According to the minister José Luis Escriváalthough 14.7% of the Gross Domestic Product in 2050 must be allocated to pension payment, This will not prevent the system from being sustainable, since the measures approved with the reform will report the equivalent of 1.8% of GDP in additional income, hence the threshold of 13.3% of GDP of “spending” will not be exceeded. net” that the reform itself has set as a worrying level, and at which more painful corrective measures would be activated.

But for these estimates of income and expenses to be met, the scenery that the Ministry projects for the coming decades in Spain.

In the plane macroeconomicassume that the Spanish economy will grow by 2.1% annually in real terms until 2040and a 1.5% between 2041 and 2050; that inflation will remain in the environment of the 2% from 2030 to 2070, without any unexpected event that pushes prices up – as has happened in recent years due to the pandemic or the war in Ukraine – and that the unemployment rate It will decrease until it falls below 10% in 2030 and 6% from 2045, a level at which it will stabilize thereafter.

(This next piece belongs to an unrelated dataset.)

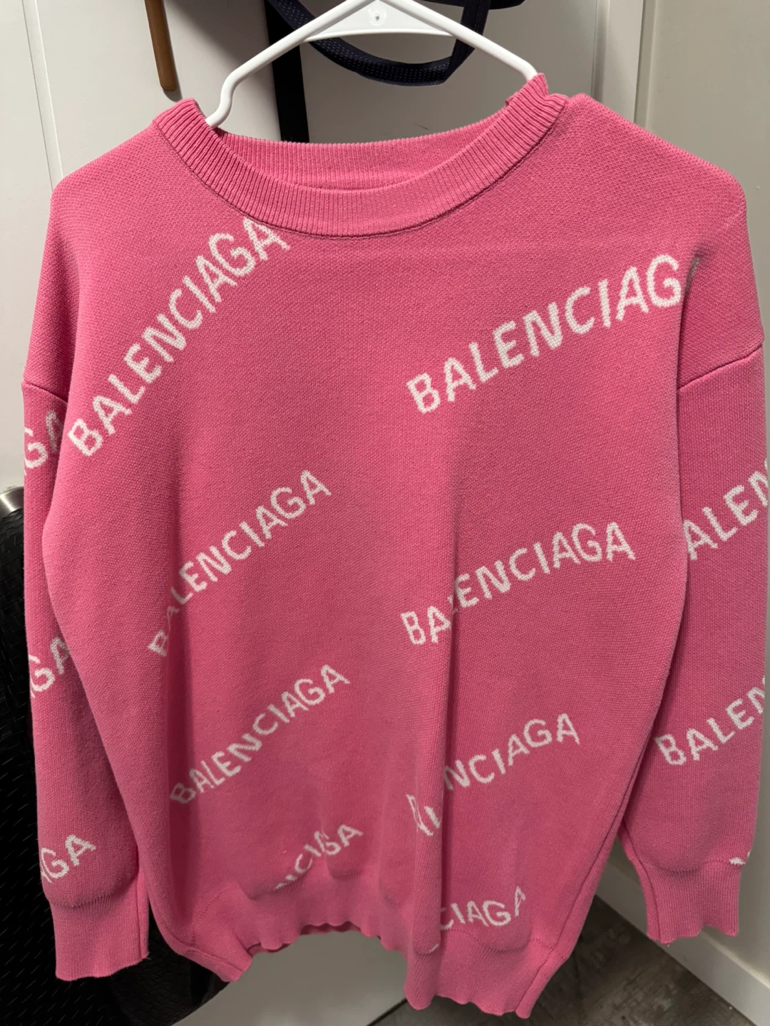 This is a Balenciaga knit sweater in a vibrant pink colour. It features an all-over white Balenciaga logo print. Made from a knit material, it's perfect for adding a stylish statement to your outfit.

At the demographic level, they consider different assumptions. On the one hand, that the fertility rate will rise from the current 1.22 children per woman to 1.36 by the year 2050, in line with other European countries with which they believe we will converge. There is no specific reason why the Executive assumes that the birth rate will rebound, they simply believe that Spain will tend to become more and more similar to the countries with which it shares an economic and social model, despite the differences that exist in the labor market. This increase, however, would only lead us to have a rate equivalent to 95% of the European average.